Looks really good. Makes me want to do mine.


----------



## Merc6 (Jun 8, 2013)

Wheel bow tie is possible, it's the issue of it lasting more than 4 months. The texture inside the bow tie is horrible for vinyl to hold on to securely. 



Sent from my iFail 5s


----------



## Mrhawaiibound (Jan 12, 2014)

dsmskyline said:


> Looks really good. Makes me want to do mine.


Do it!!! Takes a little while but it's all worth it at the end. Can be a little frustrating too lol. 

When it gives out in four months I guess I'll just make another one. Easy and I still have left over vinyl!


----------



## APCruze (Mar 7, 2013)

Mrhawaiibound said:


> Thanks haha.
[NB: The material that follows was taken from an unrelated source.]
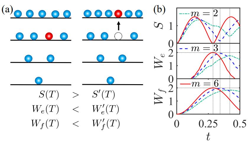 现代实验技术已经能够实现在量子比特水平上探测和操纵物理系统,这要求在微观尺度上考虑量子特性来重构热力学三大定律。其中关键问题之一就是研究量子关联对于可提取功的影响。近30年来,量子信息理论学家针对量子纠缠、量子相干等量子关联建立起了相应的资源理论。尽管这些量子资源理论深化了人们对于纠缠和相干的理解,但是在有限时间非平衡热力学过程中不同量子关联之间会出现必然的耦合,从而使分析量子电池充电动力学变得非常棘手。存在不同类型的可提取功又会带来进一步理论分析的困难。如何明确纠缠和相干对于量子电池可提取功的作用是一个重要的难题。研究团队在2017年就成功揭示了量子相干在Grover量子搜索算法中的资源属性[Phys. Rev. A 95, 032307 (2017)], 论文获得120余次引用。2020年,团队又在量子热机中发现了量子相干的资源属性[J. Phys. A 53, 085301 (2020)]。2021年,针对中心自旋量子电池,解析计算了两电池单元的充电动力学,证明了纠缠对于可提取功的抑制作用[Phys. Rev. B 104, 245418 (2021)]。

I have a feeling that its gonna start peeling around the AC control knobs..


Ive had mine on for over a year and no problems...


----------



## cdb09007 (Aug 7, 2013)

Looks nice. Never was a fan of the CF look, but to each his own. And yeah if the wheel bowtie peels, it's not too too tedious to re-do it 2 or 3 times a year. Keep up the good work.


----------



## silver2kws6 (Jul 6, 2013)

So you just bought 1 sheet of 12x60 ? Still trying to find out how much i need to do full interior ...steerig wheel, center stack, and guage rings

Sent from AutoGuide.com Free App


----------



## Vetterin (Mar 27, 2011)

Very impressive to say the least! I'll bet the CF mirrors would look great on my silver car.


----------



## Mrhawaiibound (Jan 12, 2014)

silver2kws6 said:


> So you just bought 1 sheet of 12x60 ? Still trying to find out how much i need to do full interior ...steerig wheel, center stack, and guage rings
> 
> Sent from AutoGuide.com Free App


I'm sure one 12x60 sheet would be more than enough to do all of that, considering that I did the mirrors and I still have some extra to do the steering wheel. I just don't wanna hassle to take off the whole steering wheel just to wrap it. 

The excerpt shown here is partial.